Task to carry out –
The task for the listing below is to write out exactly the lines starting at the one containing "Versatile Fun for" and ending at the one containing "ТМ LEFARD представляет", both included. Pictures are to be omitted.

Information provided –
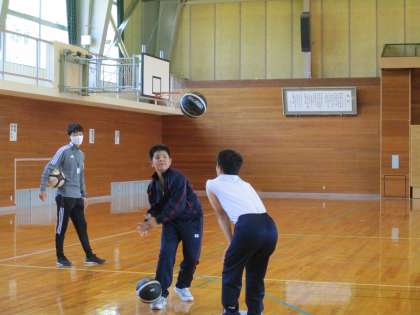 2・3年5限 保健体育 公開日 2022/05/18 更新日 2022/05/18 日々の活動から 5月18日(水) 2・3年生の保健体育の授業の様子です。 「バスケットボールの基本的な技能を高めよう」という内容の授業でした。
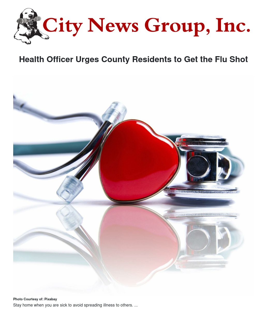 The Public Health Officer is strongly encouraging County residents to get the flu shot. Initial influenza reports have sharply increased nearly 300% in the last week, going from 38 reports to 150 reports. Within the last two weeks, the County has also confirmed three (3) flu-related deaths.
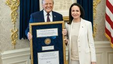Şefa opoziţiei venezuelene Maria Corina Machado a anunţat joi, în faţa sediului Capitoliului, că i-a oferit preşedintelui american Donald Trump medalia Premiului Nobel pentru Pace pe care la primit în 2025. Comitetul Nobel a precizat că manevra nu are nicio valoare, premiul este netransferabil. Chiar și așa, vorba lui Firicel, lingușeala groasă din spatele donației senioritei Machado și tâmpa încântare de pe fața beneficiarului ucid în față orice idee de prestigiu legat de moment. Dna Machado își dă dimensiunea de mare precupeață politică, gata să pupe ghiulul unui președinte ca Trump pentru putere. Dar, dacă a crezut că darul l-ar putea îndemna pe președinte să ofere o susținere mai clară, se pare că ar putea fi lăsată să aștepte, cel puțin deocamdată. În ciuda tonului optimist al lui Machado, rămâne neclar dacă a obținut ceva, dincolo de o ședință foto și o pungă cadou oficială imprimată cu semnătura lui Trump. Dna Machado a declarat totuși că ”atunci când va veni momentul” va candida la președinția Venezuelei. Deocamdată însă, Donald Trump preferă să mențină dictatura în Venezuela. Iar faptul că el, chiar și-așa, s-a lipit, aproape libidinos, de un premiu Nobel care nu-i aparține e un gest de mare cocalar.”The Great Moron”, cum ar spune americanii. Poate cel mai mare la moment pe glob.
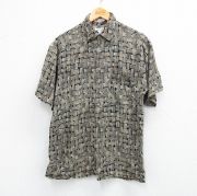 L★古着 半袖 シャツ メンズ 90年代 90s 総柄 レーヨン 薄紺他
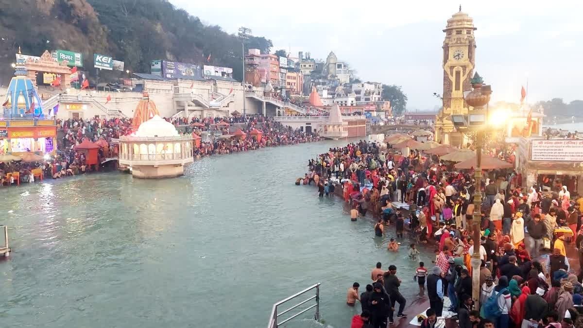 माघ पूर्णिमा के अवसर पर हरिद्वार में ब्रह्म मुहूर्त में गंगा स्नान करने के लिए श्रद्धालुओं की भीड़ उमड़ी
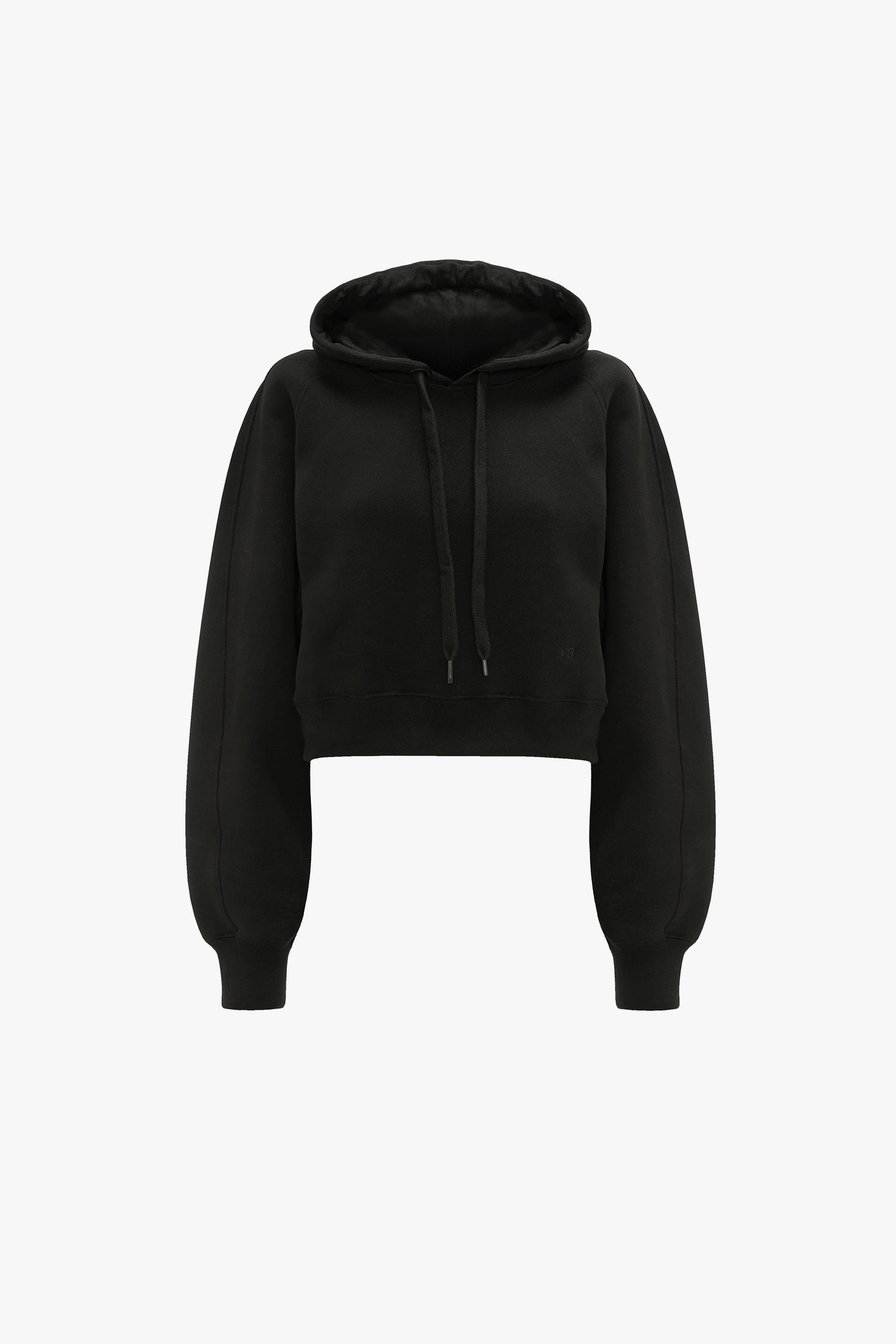 Crafted from a heavyweight fleeceback cotton jersey but designed with a waist-revealing silhouette, the Cropped Raglan Hoodie brings a feminine sensibility to traditional athleisure wear. Practical detailing includes a hood with drawcord, raglan sleeves and a ribbed hemline and cuffs, while a tonal embroidered Victoria Beckham monogram at the left hem adds a discrete flourish.
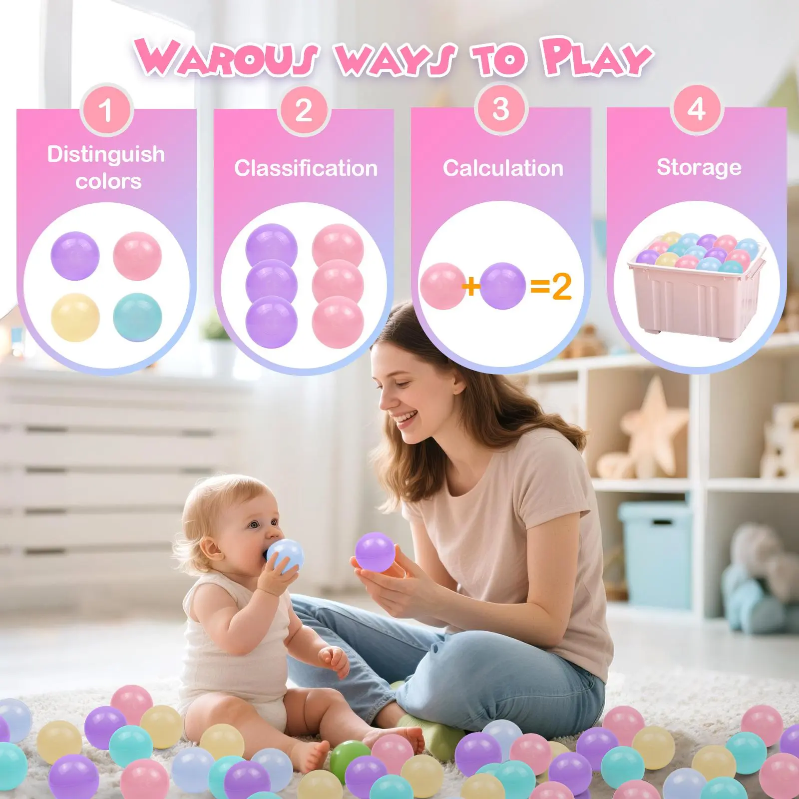 Versatile Fun for Every Occasion- Versatile Use: Not just for the pit, fill play tents, playhouses, kiddie pools, or bounce houses.- Perfect for: Birthday parties, indoor play areas, sensory bins, and bath time entertainment.
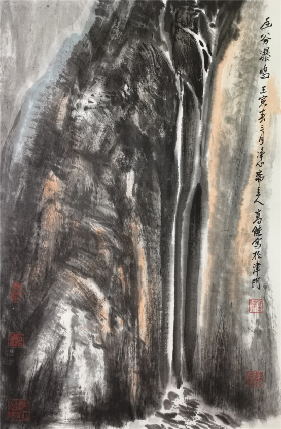神灵气行,情致自生,连绵相传,势脉贯通,气韵自然生动。高杰的《黄河之水天上来》、《碧海惊涛》画的都是水势。整个画面,瀑布飞溅波澜汹涌,飞扬升腾气势雄伟。高杰正是用虚中含实,实中有虚,阴阳相济的中华传统辩证理念,以缥缈混沌的皴法,画出了瀑布的汹涌澎湃和万马奔腾的雄浑之势。把中国画技法的虚与实,气与韵处理得恰到好处,如无画水则情溢于水的真性情,是很难达到神往无穷之艺术境界的。
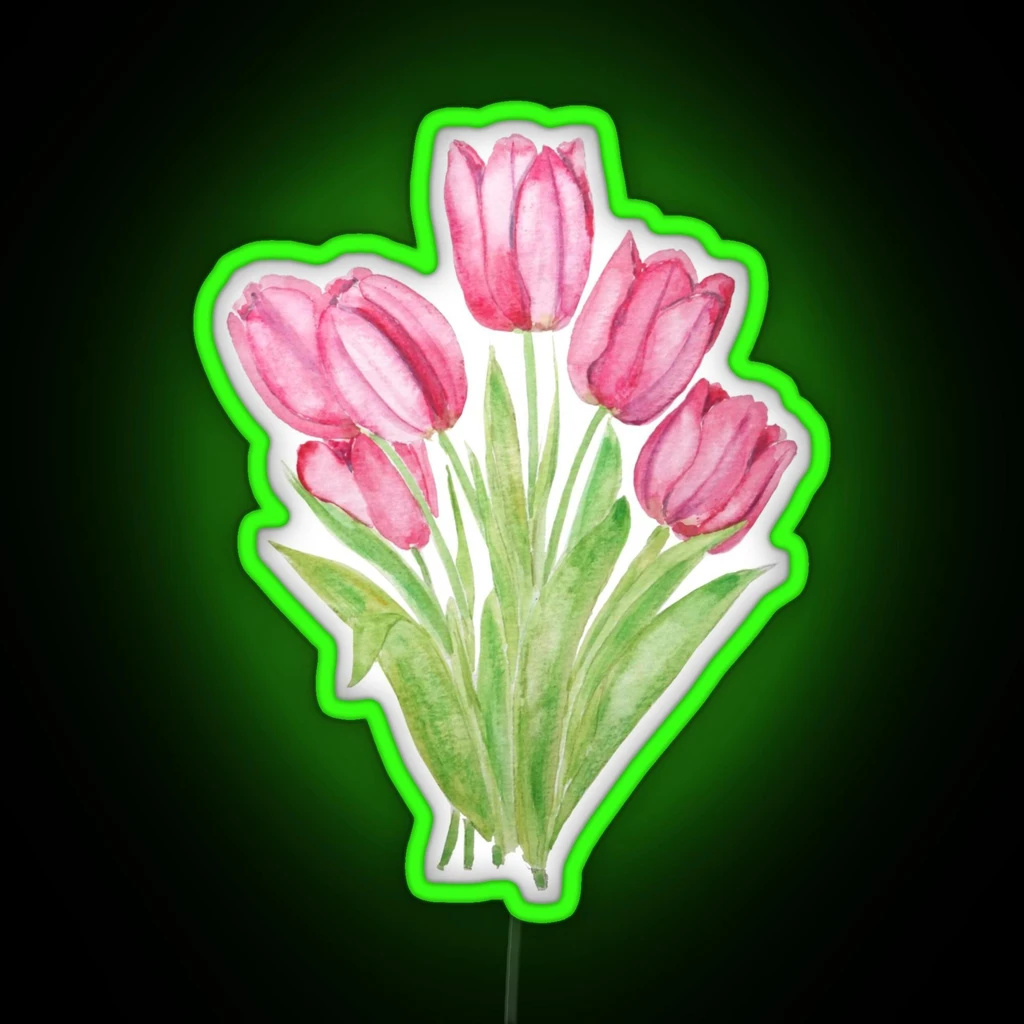 Introducing the Hand Painted Pink Tulips Flowers Watercolor Painting RGB Neon Sign, a vibrant and eye-catching addition to any room. This stunning sign features hand-painted pink tulips in a beautiful watercolor style, brought to life with RGB neon lights.
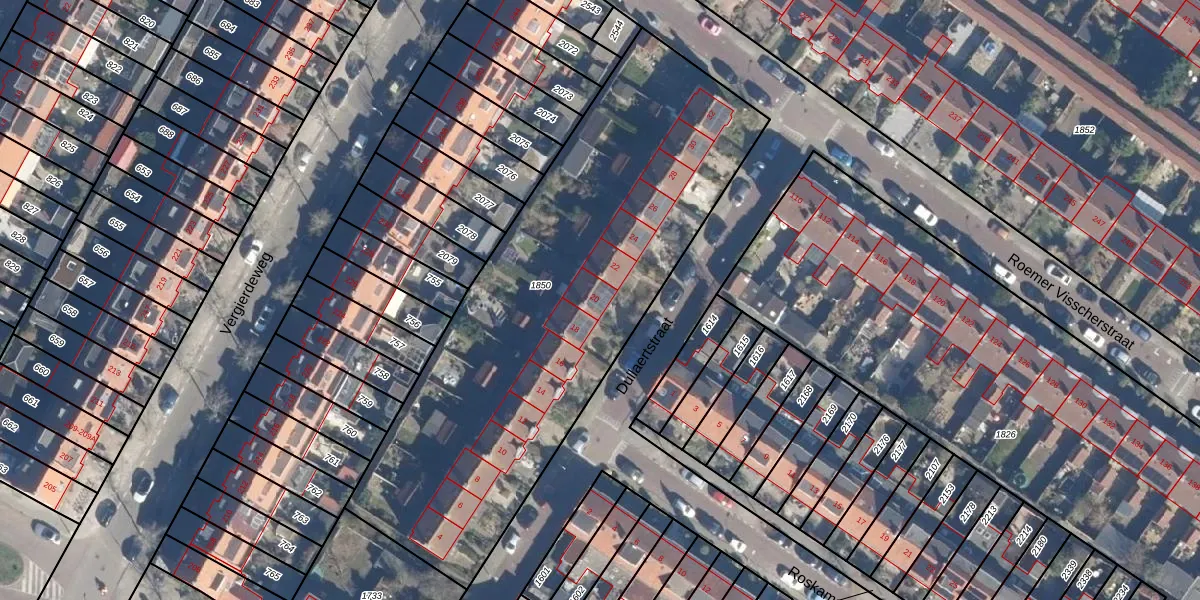 Het perceel waarop Dullaertstraat 20 staat heeft een oppervlakte van 2442 m². Dit is een zeer groot perceel. De perceeloppervlakte wordt geregistreerd door het Kadaster. Gedetailleerde informatie over de maten van dit perceel kunt u vinden in het rapport Kadastrale kaart met maatvoering van Dullaertstraat 20.
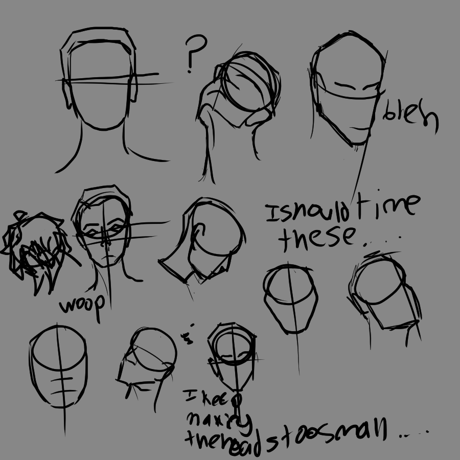 I'm planning on doing more art practice like this for the next couple days. I don't know how much it'll help sometimes I feel like I never absorb my study info when I go to draw normal (nevermind I don't know my artstyle yet i've just been drawing without any distinct intent), but it's still good to practice and I'm sure it is helping even if I may not notice it right away. The piece I'm planning on has a time limit so it's not gonna wait on me finding my artstyle and I need head practice (also other once I actually figure out what I want to draw) for it so wanted to get more familiar.
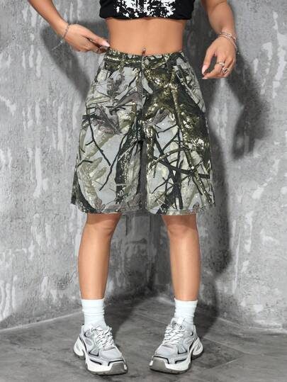 SHEIN EZwear Short en jean ample avec poches et motif de branches pour femme
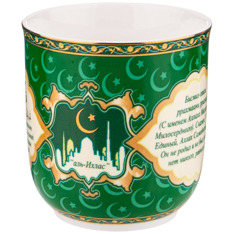 ТМ LEFARD представляет эксклюзивную коллекцию посуды «Суры из Корана». Кувшины, чайники, сахарницы, кружки, чайные пары, декоративные тарелки и другие предметы выполнены из высококачественного тонкостенного фарфора. Восточный орнамент, небольшие отрывки Сур из Корана на классическом арабском и русском языках с отделкой золотом украшают изделия. Это прекрасный мусульманский подарок, всегда нужный и теплый. Относитесь к нему бережно и с почтением. Посуду коллекции можно использовать как в повседневной жизни, так и на торжественном приеме. Не рекомендуется мыть в посудомоечной машине и использовать в микроволновой печи.
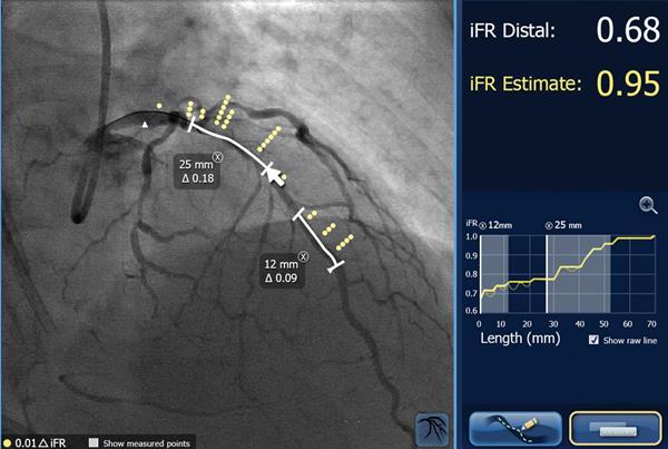 Pressure sensors located at different points along the iFR wire may show differences in pressure. These differentials may be apparent, when the wire is pulled back from the initial treatment site. If the pressure drops, the interventionalist knows that residual stenosis lies somewhere between the two pressure sensors, Davies explained. The Philips Healthcare SyncVision iFR Co-registration maps the pressure readings onto the angiogram.
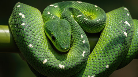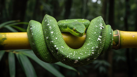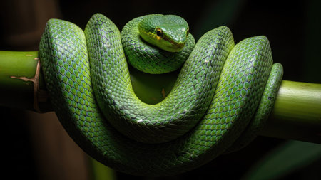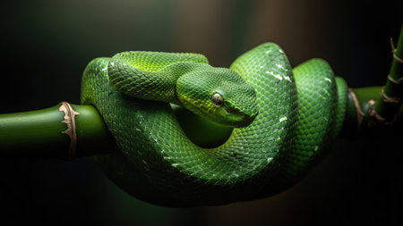 A vivid green snake is coiled around a bamboo branch. The image highlights the snake's textured scales and captivating eye. The composition showcases rich green hues against a dark backdrop, creating a sense of depth and contrast. This photograph is ideal for illustrating wildlife or nature themes in various commercial applications.
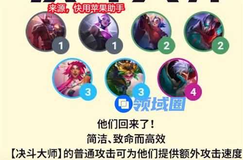 云顶之弈s8赛季已经在测试服上线了,并且在新版本的羁绊当中我们的老朋友决斗大师羁绊也是回来了,但并不是完全回来有了一些改动。那么新版的决斗大师羁绊效果是什么呢?接下来和小编一起看看吧。
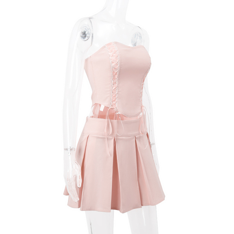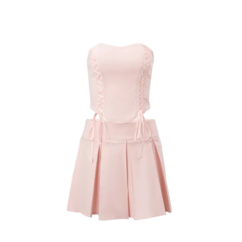 2PCS Pink Side Cross Strapless Top + Pleated Mini Skirt
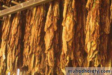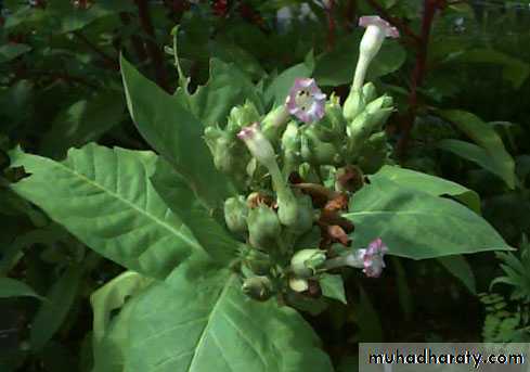 • Leaves of Nicotiana tobacum dried and (usually) smoked
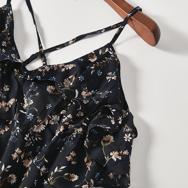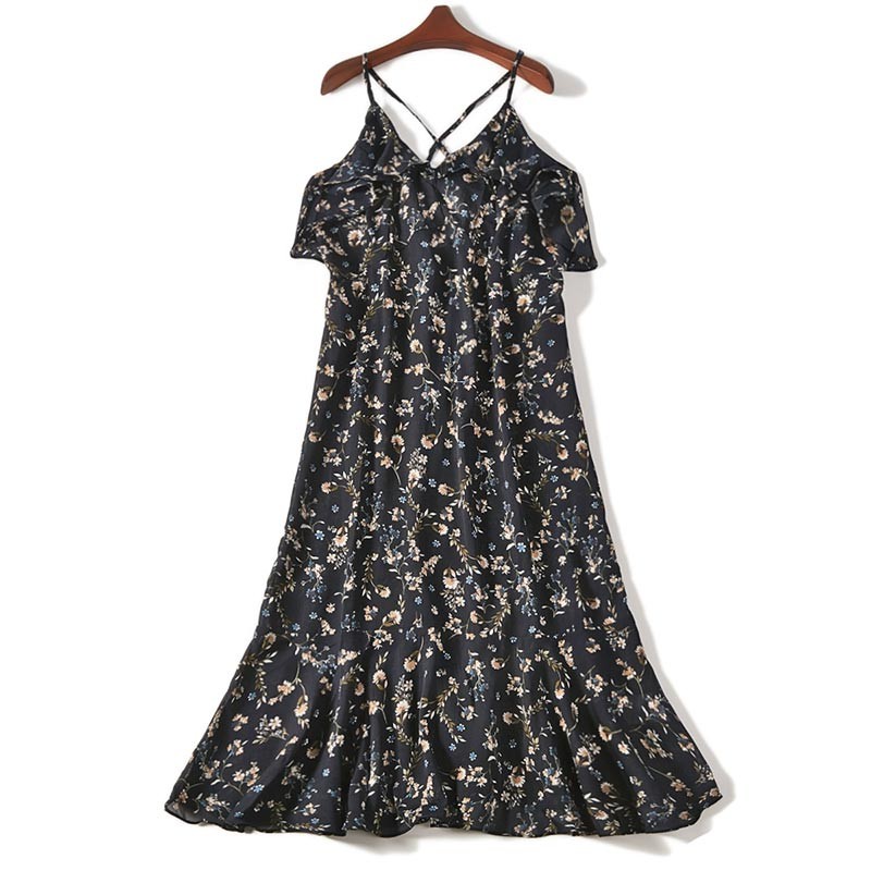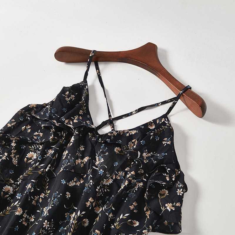 レトロな花柄プリントのオフショル付きキャミソールワンピース♪

Answer space –
 Versatile Fun for Every Occasion- Versatile Use: Not just for the pit, fill play tents, playhouses, kiddie pools, or bounce houses.- Perfect for: Birthday parties, indoor play areas, sensory bins, and bath time entertainment.
神灵气行,情致自生,连绵相传,势脉贯通,气韵自然生动。高杰的《黄河之水天上来》、《碧海惊涛》画的都是水势。整个画面,瀑布飞溅波澜汹涌,飞扬升腾气势雄伟。高杰正是用虚中含实,实中有虚,阴阳相济的中华传统辩证理念,以缥缈混沌的皴法,画出了瀑布的汹涌澎湃和万马奔腾的雄浑之势。把中国画技法的虚与实,气与韵处理得恰到好处,如无画水则情溢于水的真性情,是很难达到神往无穷之艺术境界的。
 Introducing the Hand Painted Pink Tulips Flowers Watercolor Painting RGB Neon Sign, a vibrant and eye-catching addition to any room. This stunning sign features hand-painted pink tulips in a beautiful watercolor style, brought to life with RGB neon lights.
 Het perceel waarop Dullaertstraat 20 staat heeft een oppervlakte van 2442 m². Dit is een zeer groot perceel. De perceeloppervlakte wordt geregistreerd door het Kadaster. Gedetailleerde informatie over de maten van dit perceel kunt u vinden in het rapport Kadastrale kaart met maatvoering van Dullaertstraat 20.
 I'm planning on doing more art practice like this for the next couple days. I don't know how much it'll help sometimes I feel like I never absorb my study info when I go to draw normal (nevermind I don't know my artstyle yet i've just been drawing without any distinct intent), but it's still good to practice and I'm sure it is helping even if I may not notice it right away. The piece I'm planning on has a time limit so it's not gonna wait on me finding my artstyle and I need head practice (also other once I actually figure out what I want to draw) for it so wanted to get more familiar.
 SHEIN EZwear Short en jean ample avec poches et motif de branches pour femme
 ТМ LEFARD представляет эксклюзивную коллекцию посуды «Суры из Корана». Кувшины, чайники, сахарницы, кружки, чайные пары, декоративные тарелки и другие предметы выполнены из высококачественного тонкостенного фарфора. Восточный орнамент, небольшие отрывки Сур из Корана на классическом арабском и русском языках с отделкой золотом украшают изделия. Это прекрасный мусульманский подарок, всегда нужный и теплый. Относитесь к нему бережно и с почтением. Посуду коллекции можно использовать как в повседневной жизни, так и на торжественном приеме. Не рекомендуется мыть в посудомоечной машине и использовать в микроволновой печи.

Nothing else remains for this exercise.